2.2. Rainfall Ritual in Judaism

Let us now examine some of the rituals that to this very day religious Jews all over the world pray to ensure rains in Israel. Rabbinic Judaism mandates lengthy prayer three times a day, in the morning and afternoon, and in the evening after sunset. It emphasizes the obligatory nature of daily prayer, including those that allude to divine intervention in the rain and crops of Israel. Though of little direct relevance to Jews in the diaspora, they have been prayed by Jews, almost all of them in the diaspora, for two millennia.
There are at least four distinct elements of climate-related ritual in the Jewish prayer book, two of them part of the obligatory daily prayers: the Shma Israel, the Amidah, the Prayer for Rain, and the Prayer for Dew. The first is recited twice daily, the second thrice daily. The third and the fourth are each recited once per year when Israel’s rainy season is about to begin and end.
Rain Passage 1: The Shma Israel: Twice Daily Weather-Related Ritual in Judaism
The core of the Shma Israel consists of a brief invocation (Hear, O Israel, the Lord is our God, the Lord alone5), followed by three scriptural passages. The second one (from the 11th chapter of Deuteronomy) focuses on rain.

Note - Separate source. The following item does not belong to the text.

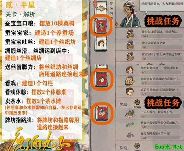 平星任务需要小伙伴们通过种植桑树、建造养蚕场,否则无法完成,具体如下: 1、指示牌与牌坊的连接,修路连接两者,道路要穿过牌坊与城外道路脸上。 2、养蚕致富,该任务需要建造足量的桑树,一座养蚕场(它一定要建在道路边上),和一座丝织坊 3、听曲儿任务,一个勾栏,两个茶水摊和休憩桌。

And it will be, if you will hear and obey my commandments that I am giving to you today, to love the Lord your God and to worship Him with all your heart and with all your soul, I shall give rain for your land at the proper time, the early rain and the late rain, and thou shalt harvest thy grain, thy wine, and thine oil. And I will give grass in thy fields for thy cattle, and thou shalt eat and be sated. Take care lest your heart be lured away, and you turn astray and worship other gods and bow down to them. For then the Lord’s wrath will flare up against you, and He will close the heavens so that there will be no rain and the earth will not yield its produce, and you shall swiftly perish from the good land which the Lord is giving to you.6
This passage has been read in public services twice a day by religious Jews minimally for 1200 years and possibly for two millennia. Several things should be noted.
As the text indicates, the promises and threats apply only to the land of Israel—“to the land which the Lord is giving to you”. If you disobey, you will “perish from the good land”. The passage specifically mentions the crops—grain (wheat and barley), grapes, and olives—that were among the most important in the agriculture of the pre-monarchic Israelite farming tribes that inhabited the climatically challenged hill country east of the region’s coastal plain.

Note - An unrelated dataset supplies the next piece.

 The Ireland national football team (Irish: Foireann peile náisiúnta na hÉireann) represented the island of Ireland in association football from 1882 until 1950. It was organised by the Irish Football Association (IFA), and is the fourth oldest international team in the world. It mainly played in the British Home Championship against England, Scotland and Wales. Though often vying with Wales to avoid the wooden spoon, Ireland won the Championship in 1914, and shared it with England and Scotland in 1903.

What was the divine logic behind a puzzling gift of a climatically challenged Promised Land where the flow of milk and honey was so easily jeopardized? The same Deuteronomic text (11:10–12) explains why the Israelites were to practice rainfall agriculture rather than more prosperous irrigation agriculture.

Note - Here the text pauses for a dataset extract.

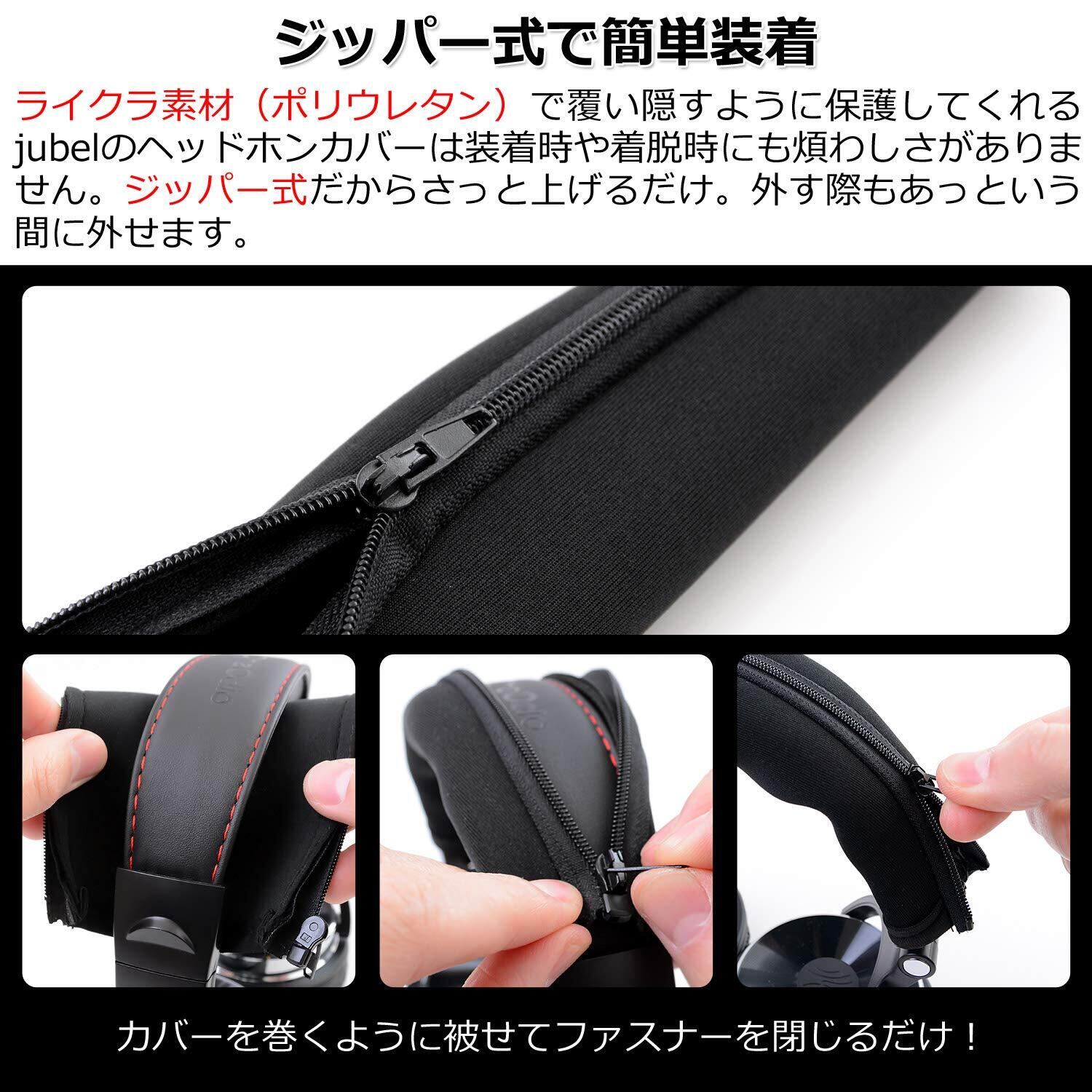 4【ジッパー式で簡単装着】『ライクラ素材』(ポリウレタン)で覆い隠すように保護してくれるこのヘッドホンカバーは装着時や着脱時にも煩わしさがありません。『ジッパー式』だからさっと上げるだけ。着脱時にもあっという間に外せます。ヘッドホンカバーが汗や整髪料などで汚れてしまった場合には、もちろん手軽にクリーニングしていただけます。ライクラ素材だからこそのメリットもございます。①手軽にクリーニングできる②汗や熱を逃がしムレを軽減③ある程度の衝撃や細かな傷から守ってくれる④優れた伸縮性で幅広い製品に対応 【商品仕様】●『仕様』ヘッドホンカバー2個セットor1個 ●『サイズ』最小:5.5*21㎝ 最大:11.5*21㎝ ●『カラー』ブラック ●『重量』1個/10g ●『材質』防水ライクラ素材(ポリウレタン) ●『期間』購入日から30日間の返金(※【jubel】正規取扱店からの購入に限り)

For the land that you are entering to take possession of it is not like the land of Egypt, from which you have come, where you sowed your seed and irrigated it, like a garden of vegetables. But the land that you are going over to possess is a land of hills and valleys, which drinks water by the rain from heaven, a land that the Lord your God cares for. The eyes of the Lord your God are always upon it, from the beginning of the year to the end of the year.
In other words, God himself would see to the watering of Israelite fields via rainfall. Unlike Egyptians with their irrigation systems, Israel instead would have to look up to heaven and trust God to supply water. This meteorological reminder has been repeated twice a day by religious diaspora Jews for close to two millennia.
Rain Passage 2: The Thrice-Daily Amidah: The “Standing Prayer”
Along with the Shma Israel, the Amidah is the second core element in the Jewish daily prayerbook. It consists of 19 blessings (one of them inserted later as blessing #12). The Amidah is recited silently, by obligation, three times a day in a standing position facing the Temple Mount in Jerusalem. When praying in a morning or afternoon minyan (a required quorum of ten), the prayer leader recites the Amidah out loud after all have said it silently.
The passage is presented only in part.